Created attachment 142604 [details]
dmesg showing the hang and failed gpu reset

Problem:

While running RuneLite [1] with GPU acceleration enabled, the system hangs after  several minutes of seemingly normal operation. Once the GPU hangs, it attempts to reset itself but fails with the following message:

[drm:amdgpu_cs_ioctl [amdgpu]] *ERROR* Failed to initialize parser -125!

This hang causes the system to lock up and ssh is the only access possible. There is no graphical corruption, the displays are simply frozen.

System Information:

GPU: POLARIS11 - RX 560 4GB (1002:67ff)
Mesa: 18.0.5
X11: 1.19.6
Firmware files should be the latest as I've pulled them from adg5f's repo [2].

Kernel parameters: "quiet splash scsi_mod.use_blk_mq=1 apparmor=2 security=apparmor amdgpu.gpu_recovery=1 spectre_v2=off"

I have reproduced this issue on:

4.20-rc3
amd-staging-drm-next (as of commit 1179994039abc10aab0d2f0ecfc4c65dfbd77438)

[1] https://github.com/runelite/runelite
[2] https://people.freedesktop.org/~agd5f/radeon_ucode/

Comment 1 Tom Seewald 2018-12-01 18:17:02 UTC

I can confirm this is still happening on 4.20-rc4 as well as with more up to date userspace software.

libdrm: 3.27.0
Mesa: 18.2.4

The hangs can be reliably reproduced at least as far back as kernel 4.15 so I am not confident I can bisect this.

Here is a dump of my card's firmware information in case I missed an update.

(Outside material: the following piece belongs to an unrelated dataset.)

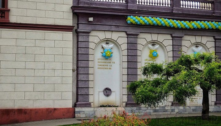 К визиту Порошенко Одесса закрыла стену Героев СССР желто-голубыми шарами

# cat /sys/kernel/debug/dri/1/amdgpu_firmware_info

VCE feature version: 0, firmware version: 0x34040300
UVD feature version: 0, firmware version: 0x01821000
MC feature version: 0, firmware version: 0x00000000
ME feature version: 47, firmware version: 0x000000a2
PFP feature version: 47, firmware version: 0x000000f0
CE feature version: 47, firmware version: 0x00000089
RLC feature version: 1, firmware version: 0x00000035
RLC SRLC feature version: 0, firmware version: 0x00000000
RLC SRLG feature version: 0, firmware version: 0x00000000
RLC SRLS feature version: 0, firmware version: 0x00000000
MEC feature version: 47, firmware version: 0x000002cb
MEC2 feature version: 47, firmware version: 0x000002cb
SOS feature version: 0, firmware version: 0x00000000
ASD feature version: 0, firmware version: 0x00000000
SMC feature version: 0, firmware version: 0x001d0900
SDMA0 feature version: 31, firmware version: 0x00000036
SDMA1 feature version: 0, firmware version: 0x00000036
VCN feature version: 0, firmware version: 0x00000000
DMCU feature version: 0, firmware version: 0x00000000
VBIOS version: 113-C98121-M01

Would umr[1] be useful here? I have not used it before, so I'd need some guidance on what arguments would produce output relevant to this hang.

Any help is appreciated.

[1] https://cgit.freedesktop.org/amd/umr/

Comment 2 Tom Seewald 2018-12-08 18:20:35 UTC

Created attachment 142754 [details]
dmesg of 4.20-rc5 with drm.debug=0xe

Comment 3 Tom Seewald 2018-12-08 18:27:07 UTC

Installed the new Polaris firmware released on December 3rd, however that doesn't appear to affect my card as the content of /sys/kernel/debug/dri/1/amdgpu_firmware_info is unchanged.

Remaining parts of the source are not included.